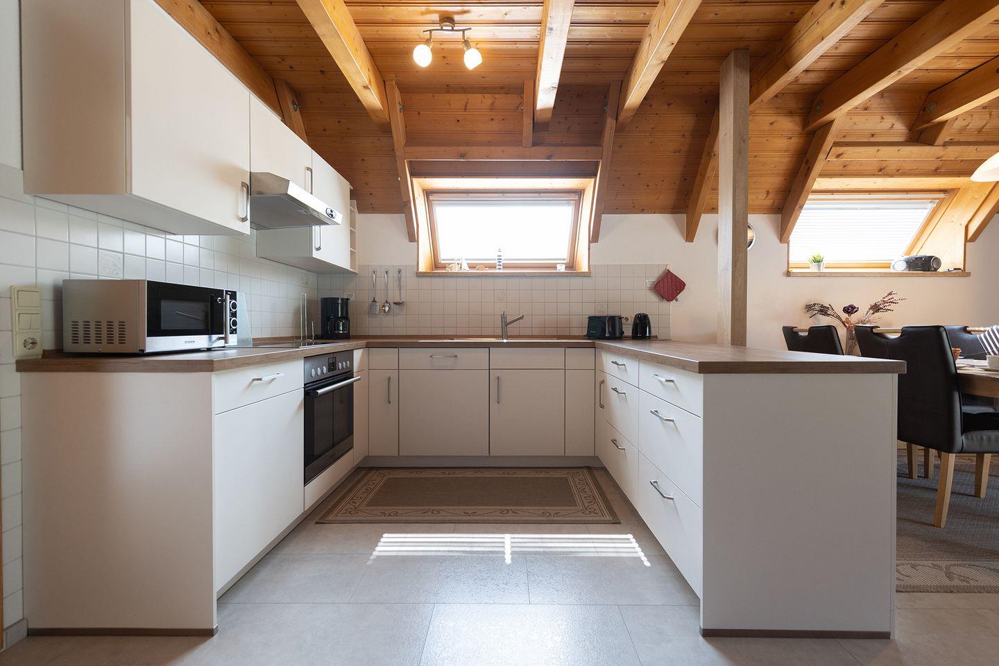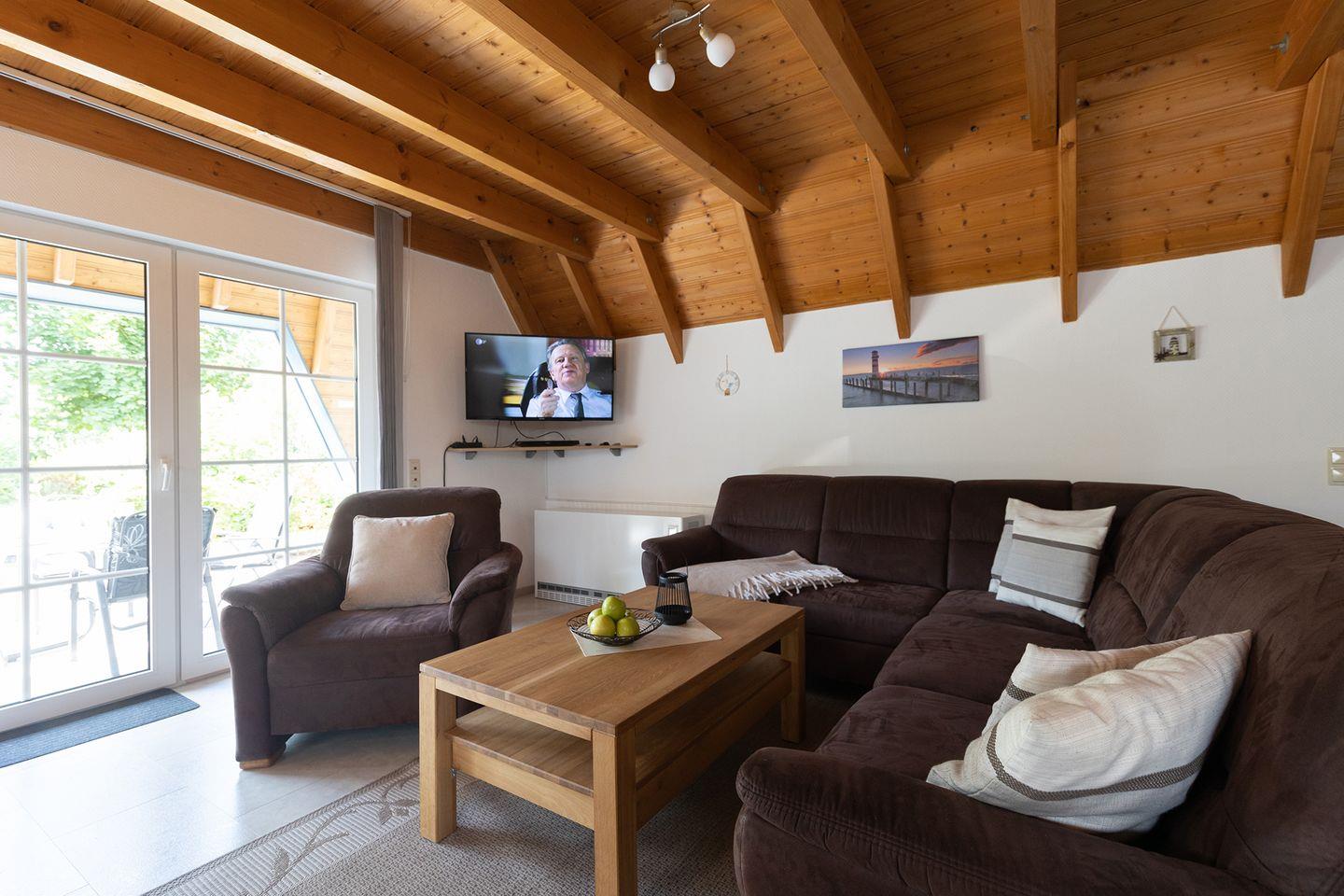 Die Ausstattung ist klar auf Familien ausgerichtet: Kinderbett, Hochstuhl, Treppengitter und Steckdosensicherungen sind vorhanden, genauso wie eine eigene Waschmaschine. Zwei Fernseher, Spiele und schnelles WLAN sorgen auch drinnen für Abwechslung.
....................
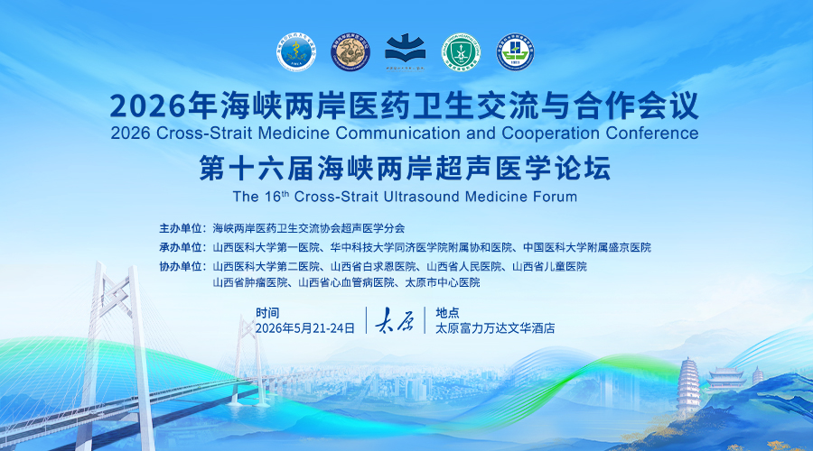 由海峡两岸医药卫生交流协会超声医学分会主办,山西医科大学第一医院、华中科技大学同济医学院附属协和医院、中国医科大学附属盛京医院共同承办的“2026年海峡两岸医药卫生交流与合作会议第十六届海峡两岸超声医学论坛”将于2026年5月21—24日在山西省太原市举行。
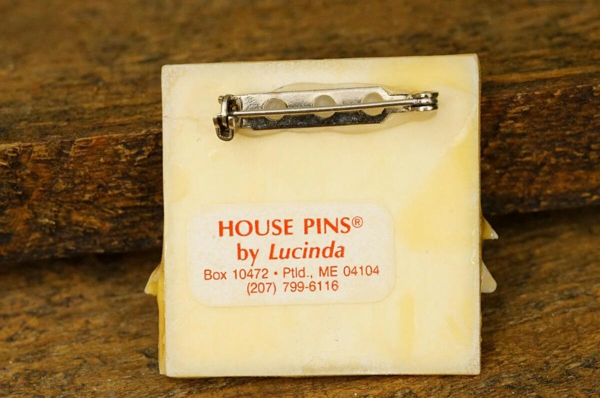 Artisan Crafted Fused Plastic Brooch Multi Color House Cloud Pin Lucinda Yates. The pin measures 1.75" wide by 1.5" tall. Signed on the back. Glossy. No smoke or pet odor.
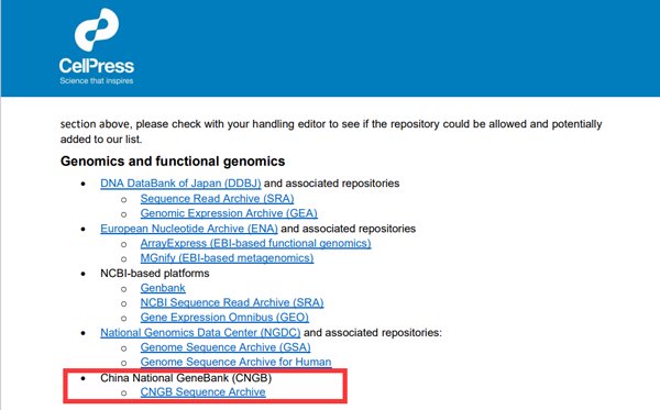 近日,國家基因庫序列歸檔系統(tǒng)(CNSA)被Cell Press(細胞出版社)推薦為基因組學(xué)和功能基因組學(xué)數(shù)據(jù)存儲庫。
....................
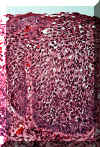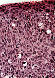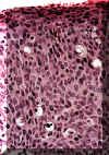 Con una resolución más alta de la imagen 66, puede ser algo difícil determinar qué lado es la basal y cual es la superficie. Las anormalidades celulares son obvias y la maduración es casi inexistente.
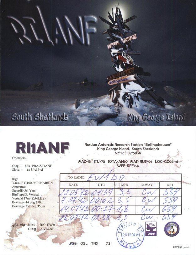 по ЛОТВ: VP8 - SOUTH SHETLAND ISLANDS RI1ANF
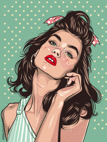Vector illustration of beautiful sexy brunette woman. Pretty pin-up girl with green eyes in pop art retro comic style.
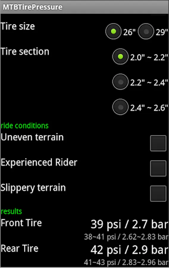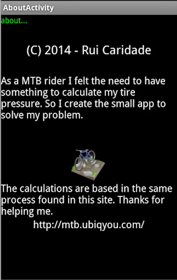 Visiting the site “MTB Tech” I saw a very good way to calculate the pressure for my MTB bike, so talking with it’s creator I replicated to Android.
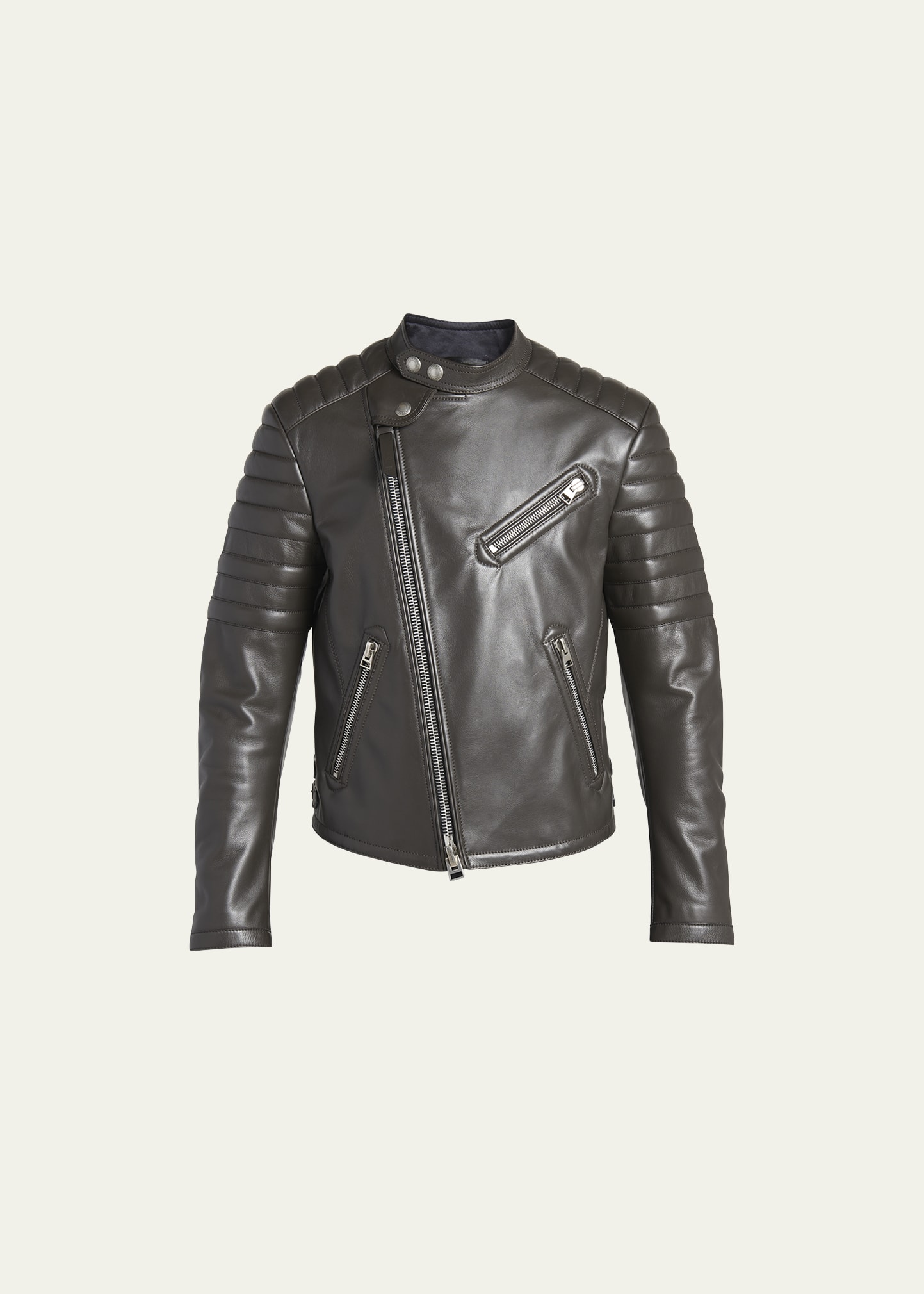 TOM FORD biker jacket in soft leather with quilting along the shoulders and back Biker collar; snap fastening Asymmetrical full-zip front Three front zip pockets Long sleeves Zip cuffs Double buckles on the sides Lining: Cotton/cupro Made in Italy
....................
### Assignment
Every line above from the one with "Artisan Crafted Fused" down to the one with "近日,國家基因庫序列歸檔系統" must be written out exactly, and no picture may appear.

### Solution
 Artisan Crafted Fused Plastic Brooch Multi Color House Cloud Pin Lucinda Yates. The pin measures 1.75" wide by 1.5" tall. Signed on the back. Glossy. No smoke or pet odor.
 近日,國家基因庫序列歸檔系統(tǒng)(CNSA)被Cell Press(細胞出版社)推薦為基因組學(xué)和功能基因組學(xué)數(shù)據(jù)存儲庫。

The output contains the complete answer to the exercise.